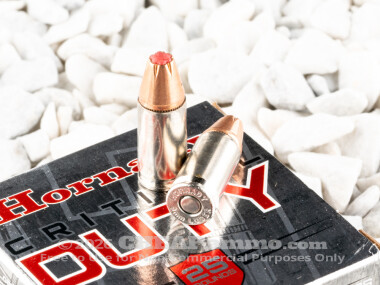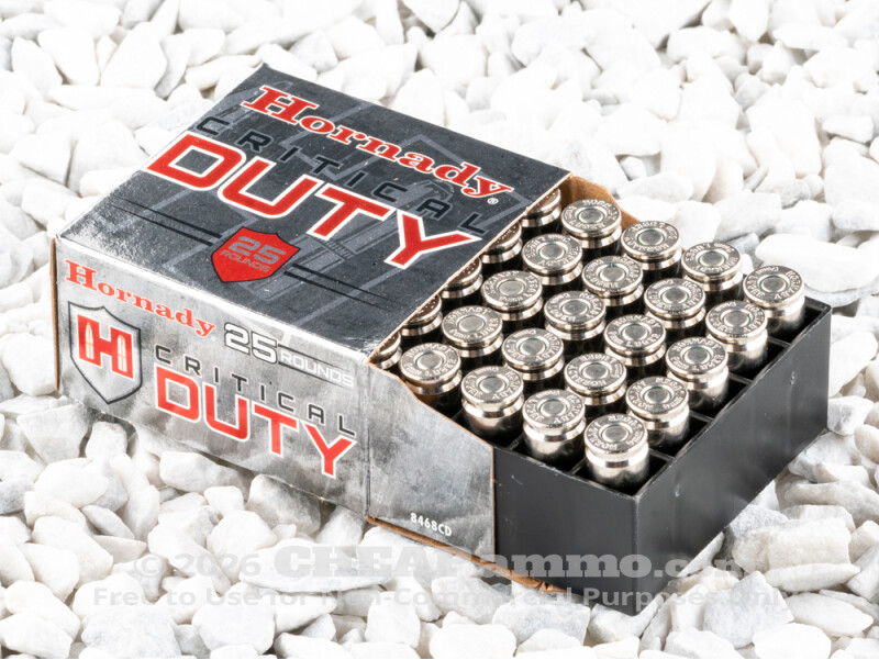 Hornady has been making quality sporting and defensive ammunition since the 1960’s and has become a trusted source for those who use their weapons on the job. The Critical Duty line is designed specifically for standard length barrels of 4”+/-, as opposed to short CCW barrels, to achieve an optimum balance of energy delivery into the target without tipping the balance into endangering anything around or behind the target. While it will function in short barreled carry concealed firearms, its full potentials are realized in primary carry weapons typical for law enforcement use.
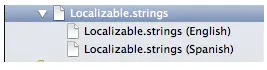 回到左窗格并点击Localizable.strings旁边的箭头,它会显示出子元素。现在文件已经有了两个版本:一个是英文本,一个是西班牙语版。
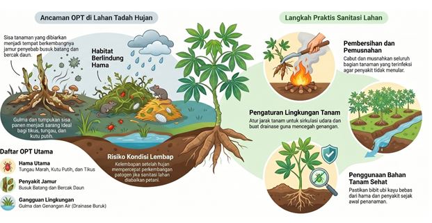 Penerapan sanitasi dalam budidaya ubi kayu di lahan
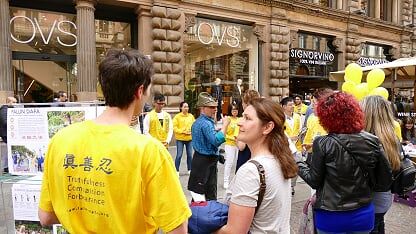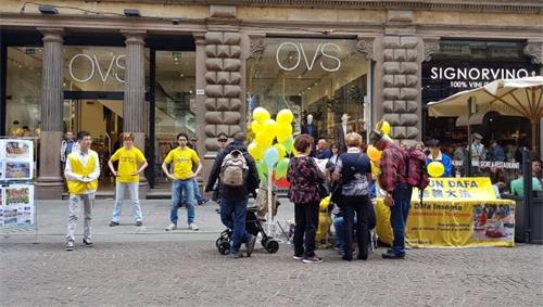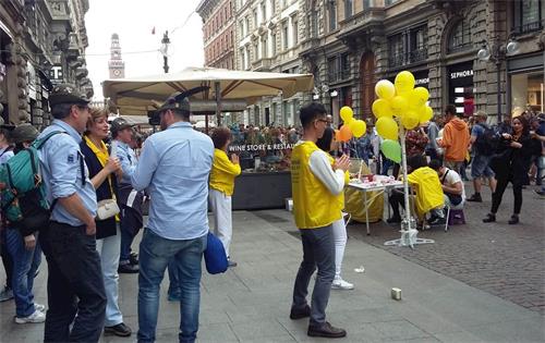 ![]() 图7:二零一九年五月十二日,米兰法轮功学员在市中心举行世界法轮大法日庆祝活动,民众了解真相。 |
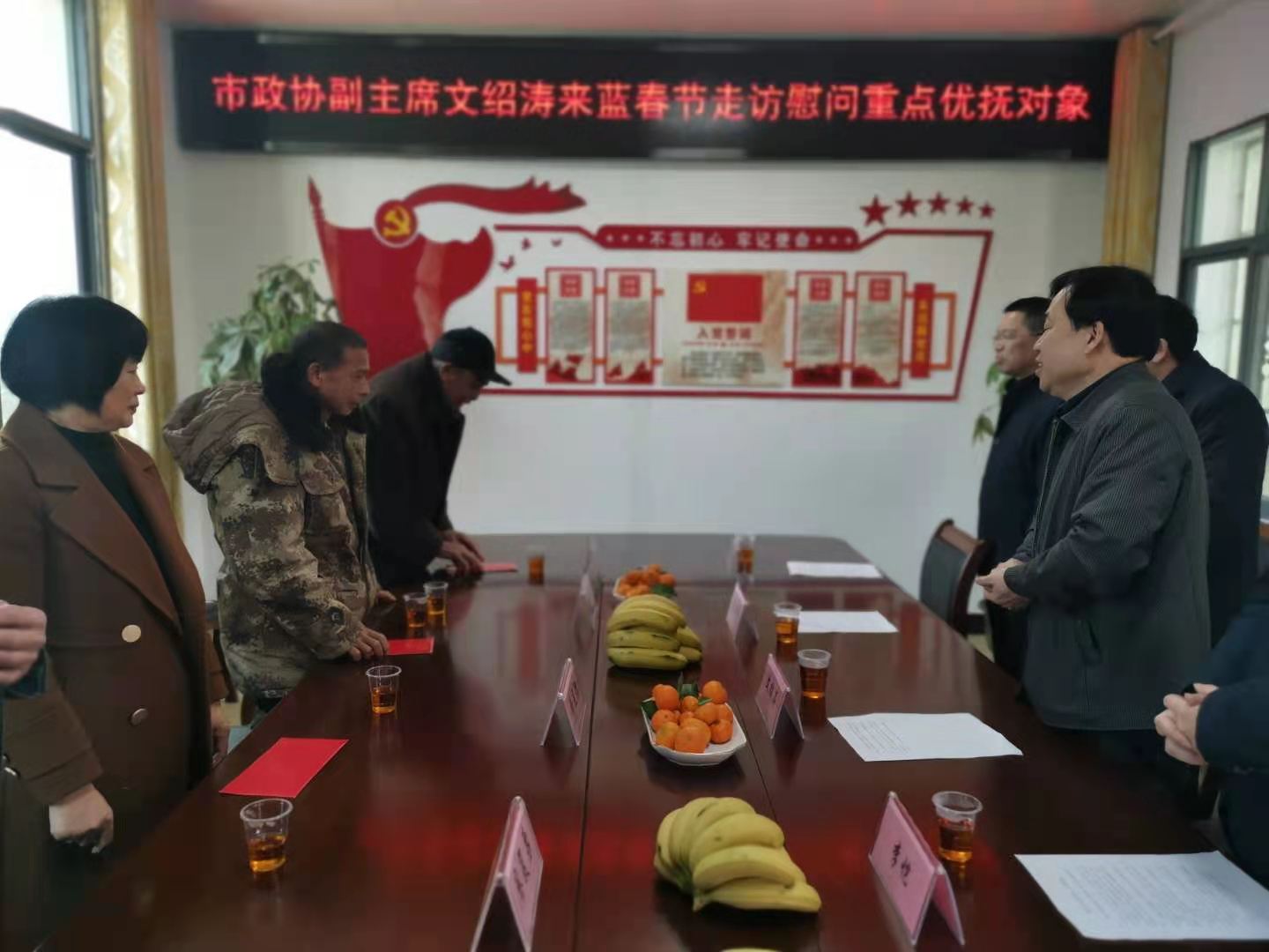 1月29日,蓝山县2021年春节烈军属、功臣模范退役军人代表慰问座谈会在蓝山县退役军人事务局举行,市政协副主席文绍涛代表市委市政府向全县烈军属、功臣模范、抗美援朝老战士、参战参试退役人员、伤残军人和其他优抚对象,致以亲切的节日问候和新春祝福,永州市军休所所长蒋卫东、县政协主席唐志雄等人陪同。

> EXERCISE BRIEF:
All entries above should be printed exactly, though without their pictures.

> ANSWER SPACE:
 Hornady has been making quality sporting and defensive ammunition since the 1960’s and has become a trusted source for those who use their weapons on the job. The Critical Duty line is designed specifically for standard length barrels of 4”+/-, as opposed to short CCW barrels, to achieve an optimum balance of energy delivery into the target without tipping the balance into endangering anything around or behind the target. While it will function in short barreled carry concealed firearms, its full potentials are realized in primary carry weapons typical for law enforcement use.
 回到左窗格并点击Localizable.strings旁边的箭头,它会显示出子元素。现在文件已经有了两个版本:一个是英文本,一个是西班牙语版。
 Penerapan sanitasi dalam budidaya ubi kayu di lahan
 ![]() 图7:二零一九年五月十二日,米兰法轮功学员在市中心举行世界法轮大法日庆祝活动,民众了解真相。 |
 1月29日,蓝山县2021年春节烈军属、功臣模范退役军人代表慰问座谈会在蓝山县退役军人事务局举行,市政协副主席文绍涛代表市委市政府向全县烈军属、功臣模范、抗美援朝老战士、参战参试退役人员、伤残军人和其他优抚对象,致以亲切的节日问候和新春祝福,永州市军休所所长蒋卫东、县政协主席唐志雄等人陪同。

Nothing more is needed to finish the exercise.